### What you have to do
In the records below, find the line that contains "周润发的妻子陈荟莲也和他有着" and the line that contains "Yesterday I tackled"; write out exactly those two lines and everything between them, without the pictures.

(Data to examine Opens)

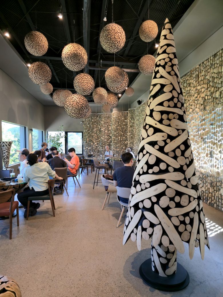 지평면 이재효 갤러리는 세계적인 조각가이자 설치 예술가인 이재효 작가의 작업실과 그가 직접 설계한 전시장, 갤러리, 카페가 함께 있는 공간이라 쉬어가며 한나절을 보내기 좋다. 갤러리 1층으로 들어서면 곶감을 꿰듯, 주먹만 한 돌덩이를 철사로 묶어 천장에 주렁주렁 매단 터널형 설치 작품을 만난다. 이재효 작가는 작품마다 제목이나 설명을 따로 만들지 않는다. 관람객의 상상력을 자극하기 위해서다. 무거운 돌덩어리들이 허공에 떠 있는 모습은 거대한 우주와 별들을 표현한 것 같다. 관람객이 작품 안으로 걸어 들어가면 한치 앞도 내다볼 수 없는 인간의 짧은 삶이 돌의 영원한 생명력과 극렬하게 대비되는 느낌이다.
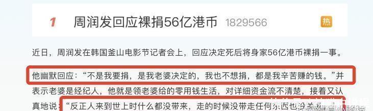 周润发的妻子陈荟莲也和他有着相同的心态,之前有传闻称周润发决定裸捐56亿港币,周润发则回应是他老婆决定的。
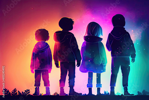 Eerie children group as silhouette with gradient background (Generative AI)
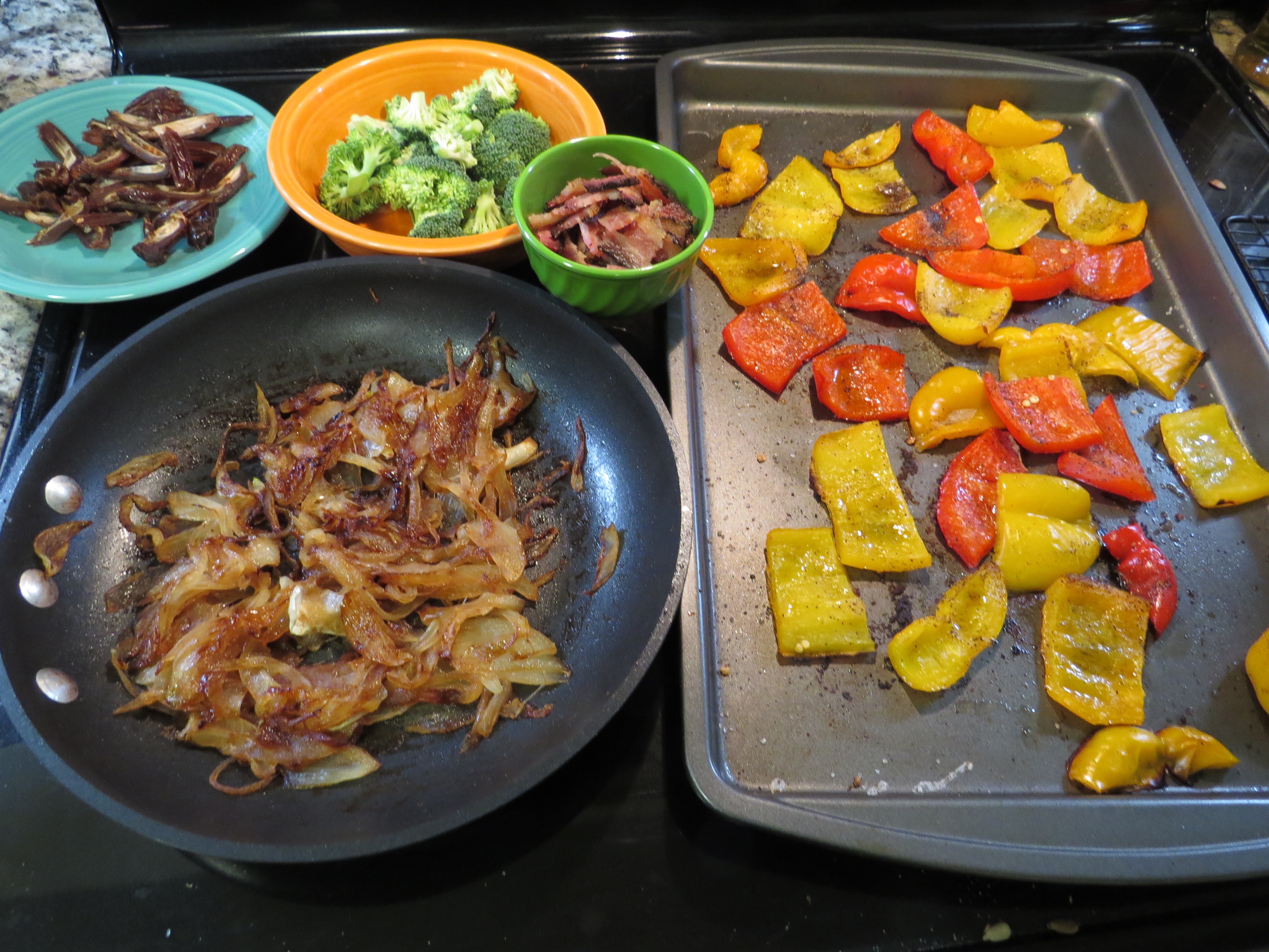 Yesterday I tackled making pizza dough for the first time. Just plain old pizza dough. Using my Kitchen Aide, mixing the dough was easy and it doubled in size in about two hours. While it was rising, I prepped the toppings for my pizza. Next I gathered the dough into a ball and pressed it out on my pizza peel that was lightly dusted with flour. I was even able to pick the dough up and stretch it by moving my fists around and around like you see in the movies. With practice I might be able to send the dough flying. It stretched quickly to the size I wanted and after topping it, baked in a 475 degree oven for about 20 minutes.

(Data to examine Closes)
(Data to examine Opens)

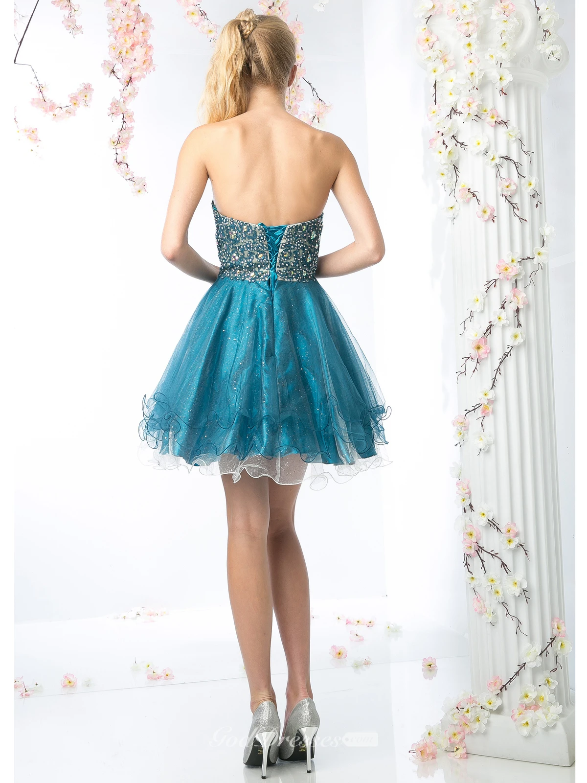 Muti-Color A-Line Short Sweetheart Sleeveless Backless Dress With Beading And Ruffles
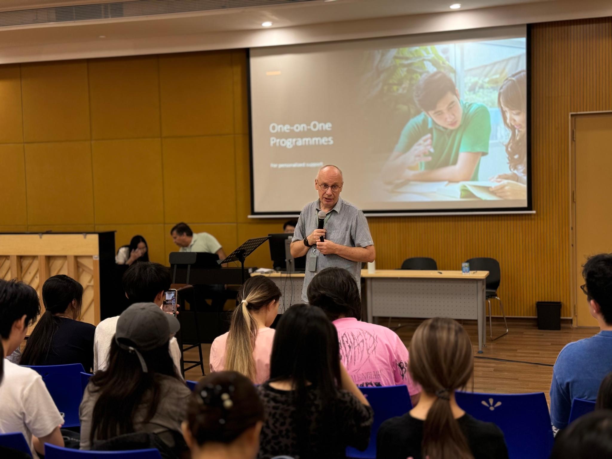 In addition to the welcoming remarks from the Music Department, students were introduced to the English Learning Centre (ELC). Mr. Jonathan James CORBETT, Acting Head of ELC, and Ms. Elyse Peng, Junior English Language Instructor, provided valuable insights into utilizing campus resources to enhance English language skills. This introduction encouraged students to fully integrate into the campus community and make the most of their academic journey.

(Data to examine Closes)

### Answer
 周润发的妻子陈荟莲也和他有着相同的心态,之前有传闻称周润发决定裸捐56亿港币,周润发则回应是他老婆决定的。
 Eerie children group as silhouette with gradient background (Generative AI)
 Yesterday I tackled making pizza dough for the first time. Just plain old pizza dough. Using my Kitchen Aide, mixing the dough was easy and it doubled in size in about two hours. While it was rising, I prepped the toppings for my pizza. Next I gathered the dough into a ball and pressed it out on my pizza peel that was lightly dusted with flour. I was even able to pick the dough up and stretch it by moving my fists around and around like you see in the movies. With practice I might be able to send the dough flying. It stretched quickly to the size I wanted and after topping it, baked in a 475 degree oven for about 20 minutes.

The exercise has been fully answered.